None of the above should produce output other than maybe rmmod - otherwise your make command must have failed.  
Check for errors in editing - go character by character - C is very picky about syntax.

(BTW you can type "exit" or ^D to quit the root 'sudo bash' shell - if you used it)

plug in your tablet and try it!!   :Smile: 

Thx Favux and also Alexia from wacomlinux!!!

----------


## kgingeri

Hi TheguywholikesLinux!

I just posted a howto - took a while.  Post back if you need more help.  I'll do my best   :Smile:  

I'm quite sure your tablet is much the same (your is 0xd1 and mine is 0xd4).  Anyway, as Kermit might say "times flies when your havin fun" but it's 4am my time - gotta get some shut-eye   :Wink: 

It's late alright - I misquotes Kermit!!! Should be 
"times fun when your havin flies"   

good night - or should that be morning   :Wink:

----------


## TheguywholikesLINUX

OK, here goes....

oh, by the way, my bamboo is a CTH-460, not a GTL, not sure if that will make a difference.

ok, wcmUSB.c backed up, I use gedit usually, so: gedit wcmUSB.c.
Found line "} WacomModelDesc [] ="
Added line "{ 0xD4, 2540, 2540, &usbBamboo     }  /* Bamboo Pen CTL-460 4x6 */" before the closing brace, also added comma on the line before.

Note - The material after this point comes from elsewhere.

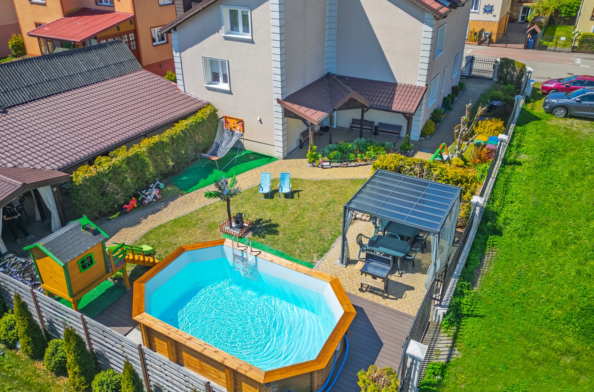 OBIEKT ODDALONY TYLKO 400M OD PIASZCZYSTEJ BLAŻY. PIĘKNY OGRÓD Z BASENEM Z PODGRZEWANĄ I FILTROWANĄ WODĄ.

switched to /src/2.6.28/ and backed up wacom_wac.c

Found wacom_features section, and added line "{ "Wacom Bamboo Pen 4x6",     9, 14760,  9225,  511, 63, WACOM_MO },    // ...for CTL-460 Bamboo Pen Only" to the end. Scrolled down to the next section and added "{ USB_DEVICE(USB_VENDOR_ID_WACOM, 0xD4) },      // ...for CTL-460 Bamboo Pen Only"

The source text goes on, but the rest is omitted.